To do: Repeat exactly, and only, the lines of the entries below from the one with "[MBN] 매일 아침.E194.260408.450p.WANNA[한혜원, 이정수]" through the one with "The Lick Observatory's", both ends included.

Materials provided:
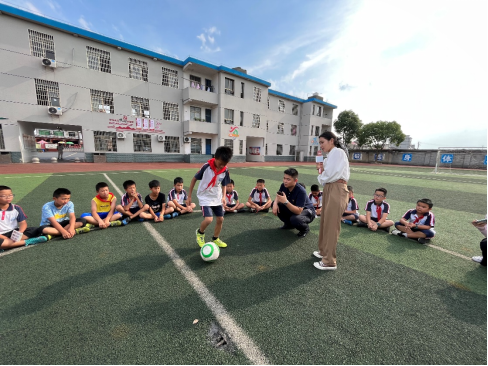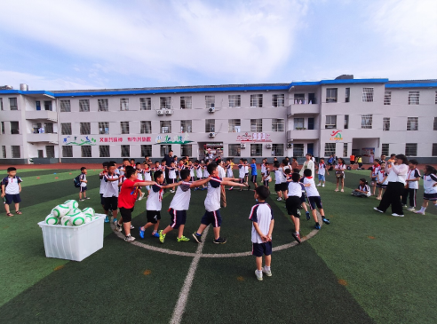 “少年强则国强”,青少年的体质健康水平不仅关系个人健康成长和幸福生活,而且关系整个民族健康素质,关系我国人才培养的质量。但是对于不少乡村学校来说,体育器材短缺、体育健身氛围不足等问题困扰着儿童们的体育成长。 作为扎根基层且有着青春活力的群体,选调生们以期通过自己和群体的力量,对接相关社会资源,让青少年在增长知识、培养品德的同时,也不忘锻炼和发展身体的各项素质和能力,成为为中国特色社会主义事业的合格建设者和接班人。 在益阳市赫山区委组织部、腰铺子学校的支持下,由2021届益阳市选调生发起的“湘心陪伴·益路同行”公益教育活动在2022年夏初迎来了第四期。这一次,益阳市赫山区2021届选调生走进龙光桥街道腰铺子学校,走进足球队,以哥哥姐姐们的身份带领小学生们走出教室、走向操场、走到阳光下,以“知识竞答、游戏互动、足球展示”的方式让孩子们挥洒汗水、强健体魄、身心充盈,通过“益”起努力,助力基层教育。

==

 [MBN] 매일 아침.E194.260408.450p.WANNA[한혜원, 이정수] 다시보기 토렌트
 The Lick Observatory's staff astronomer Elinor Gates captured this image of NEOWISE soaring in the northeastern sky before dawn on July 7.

==

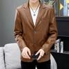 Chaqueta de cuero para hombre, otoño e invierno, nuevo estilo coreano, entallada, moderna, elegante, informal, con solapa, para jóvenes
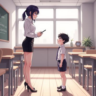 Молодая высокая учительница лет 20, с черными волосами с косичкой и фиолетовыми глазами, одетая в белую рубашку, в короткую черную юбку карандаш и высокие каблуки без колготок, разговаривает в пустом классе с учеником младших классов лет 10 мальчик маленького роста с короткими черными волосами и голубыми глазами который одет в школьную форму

Response area:
 [MBN] 매일 아침.E194.260408.450p.WANNA[한혜원, 이정수] 다시보기 토렌트
 The Lick Observatory's staff astronomer Elinor Gates captured this image of NEOWISE soaring in the northeastern sky before dawn on July 7.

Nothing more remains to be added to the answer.